_Your task_. Each word in the data below should be copied exactly; the images should not.

_Information shown_.
+++++

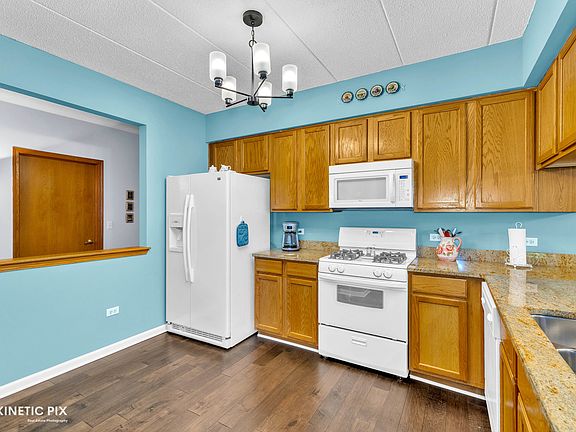 Don't miss this spacious and well-maintained 2-bedroom, 2-bath condo in the highly sought-after Liberty Square subdivision of Lombard! Enjoy quiet living with Flexicore construction, 9' ceilings, and a secured-elevator building. Beautiful hardwood floors run throughout the open-concept living and dining areas, with newer plush carpeting in both bedrooms. The generous primary suite includes two closets-one of them a walk-in-for ample storage. The unit also features newer bedroom windows and a convenient in-unit laundry room with full-size washer and dryer. You'll love the eat-in kitchen with sleek granite countertops, perfect for casual meals or entertaining. Included with the unit are a heated garage parking space (Space D) and private storage unit #307, plus plenty of guest parking. One of the lowest HOAs in the area. Prime location near shopping, dining, parks, and all the best that Lombard has to offer!
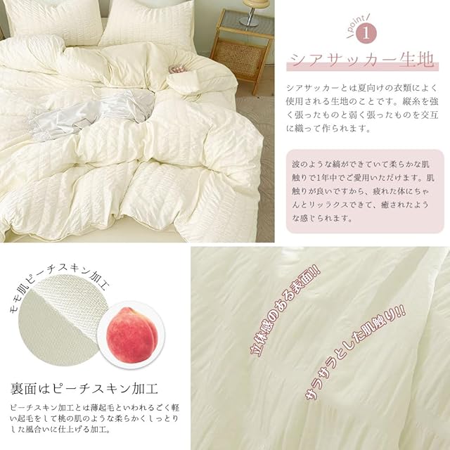 商品名:布団カバーセット シアサッカー生地 シングル ダブル 寝具カバーセット 3点セット 掛け布団カバー ボックスシーツ 枕カバー 可愛い 柔らかい 快適 通気性 速乾タイプ 丸洗い オールシーズ(セミダブル4点セット、アイボリー)
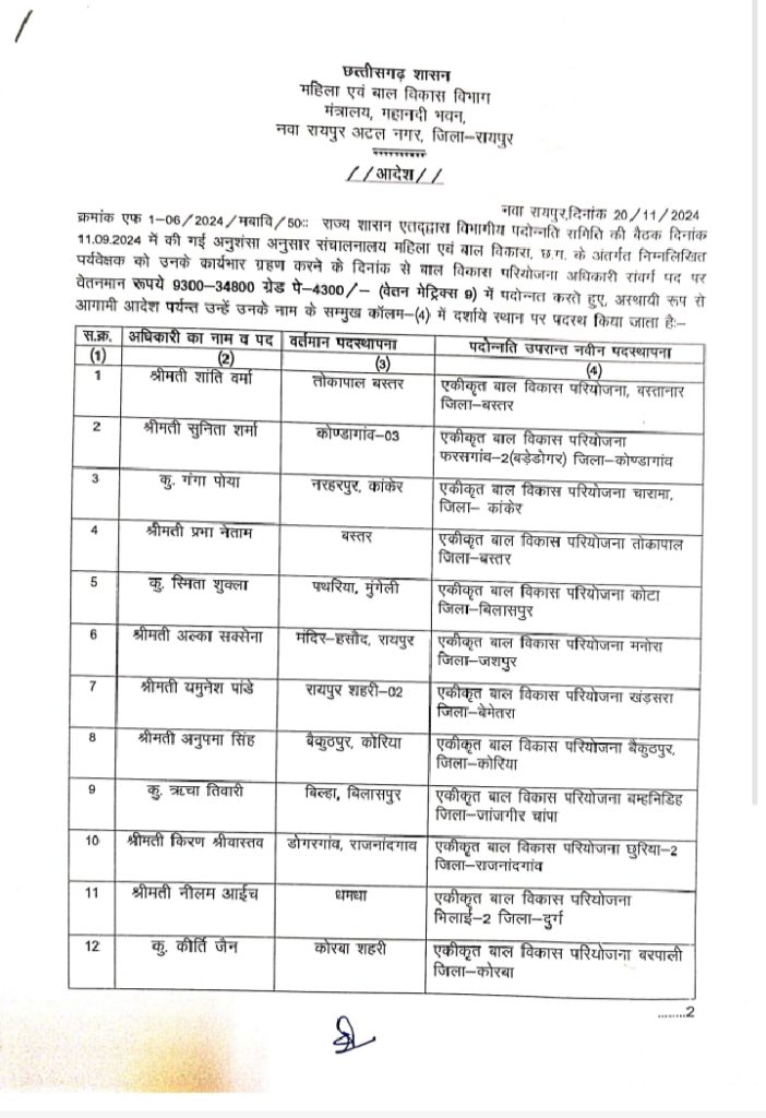 राज्य शासन के द्वारा पदोन्नति दिनांक 20/11/2024 को परियोजना अधिकारी के पद पर अनुपमा सिंह

+++++

_Output_.
 Don't miss this spacious and well-maintained 2-bedroom, 2-bath condo in the highly sought-after Liberty Square subdivision of Lombard! Enjoy quiet living with Flexicore construction, 9' ceilings, and a secured-elevator building. Beautiful hardwood floors run throughout the open-concept living and dining areas, with newer plush carpeting in both bedrooms. The generous primary suite includes two closets-one of them a walk-in-for ample storage. The unit also features newer bedroom windows and a convenient in-unit laundry room with full-size washer and dryer. You'll love the eat-in kitchen with sleek granite countertops, perfect for casual meals or entertaining. Included with the unit are a heated garage parking space (Space D) and private storage unit #307, plus plenty of guest parking. One of the lowest HOAs in the area. Prime location near shopping, dining, parks, and all the best that Lombard has to offer!
 商品名:布団カバーセット シアサッカー生地 シングル ダブル 寝具カバーセット 3点セット 掛け布団カバー ボックスシーツ 枕カバー 可愛い 柔らかい 快適 通気性 速乾タイプ 丸洗い オールシーズ(セミダブル4点セット、アイボリー)
 राज्य शासन के द्वारा पदोन्नति दिनांक 20/11/2024 को परियोजना अधिकारी के पद पर अनुपमा सिंह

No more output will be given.